I am considering wiring my layout to include DCC control of my 4 atlas code 100 turnouts (only number on the package is #851 but I have both right and left hand turnouts). In the future I would like to add 2 more turnouts. I have never dealt with DCC control of turnouts so I need some information in what you all recommend for hardware I will need to do this. I figure I will need stationary decoders but will the atlas switch machines run from dcc power? My dcc system is an NCE power cab. Thanks in advance.
-Art


----------



## xrunner (Jul 29, 2011)

Artieiii said:


> I figure I will need stationary decoders but will the atlas switch machines run from dcc power? My dcc system is an NCE power cab. Thanks in advance.
> -Art


I got a Digitrax DS52 to play with. It gets power from the tracks and runs the switches from that. It looks like it will work with most switches out there.
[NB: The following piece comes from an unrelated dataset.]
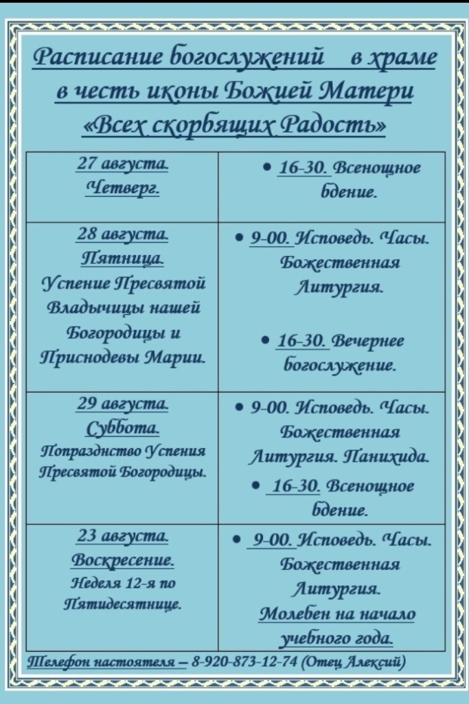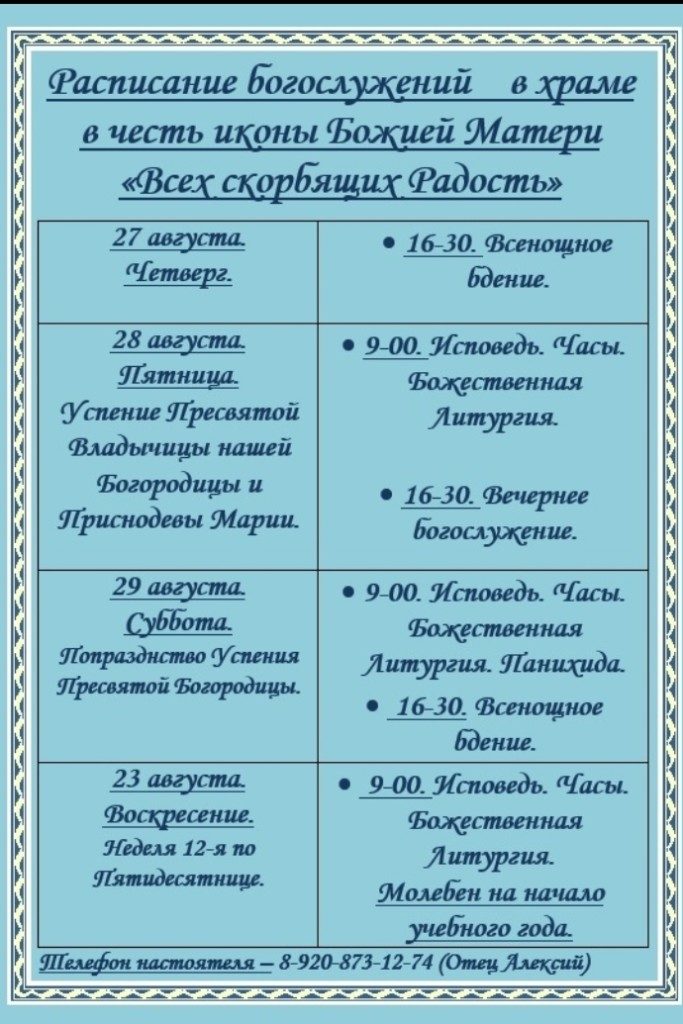 WhatsApp Image 2020-08-23 at 19.36.52 Полная ширина 683 × 1024 пикселей Расписание служб (0) (0) Предыдущее изображение Следующее изображение Добавить комментарий Отменить ответ Ваш e-mail не будет опубликован. Обязательные поля помечены *КомментарийИмя* Email* Сайт Нажмите галочку (защита от спама) Для того, чтобы иметь возможность комментировать, включите JavaScript в Вашем браузере.

I plan on playing with it this weekend -

http://www.digitrax.com/prd_statdec_ds52.php


----------



## Artieiii (Apr 25, 2011)

xrunner said:


> I got a Digitrax DS52 to play with. It gets power from the tracks and runs the switches from that. It looks like it will work with most switches out there. I plan on playing with it this weekend -
> 
> http://www.digitrax.com/prd_statdec_ds52.php


Let me know how it works for you. I could rig it to run 2 switches at a time so my trains can go from inner loop to outer loop with just 2 choices on my power cab. 
-Art


----------



## jonyb (Mar 20, 2011)

Looks like a good idea!


----------



## xrunner (Jul 29, 2011)

Artieiii said:


> Let me know how it works for you. I could rig it to run 2 switches at a time so my trains can go from inner loop to outer loop with just 2 choices on my power cab.
> -Art


I didn't forget, I just got a wild hair and worked on an addition to my layout table this weekend. I'll try to test the turnout module tomorrow.


----------



## xrunner (Jul 29, 2011)

Artieiii said:


> Let me know how it works for you. I could rig it to run 2 switches at a time so my trains can go from inner loop to outer loop with just 2 choices on my power cab.
> -Art


OK I just tested it with a temp setup. I wired the outputs up to one Kato switch and used clip leads to connect to the track. I operated the switch from the DT402 controller and it worked perfectly. It says you can wire a single output to 2 Atlas switches or 4 Kato switches.


----------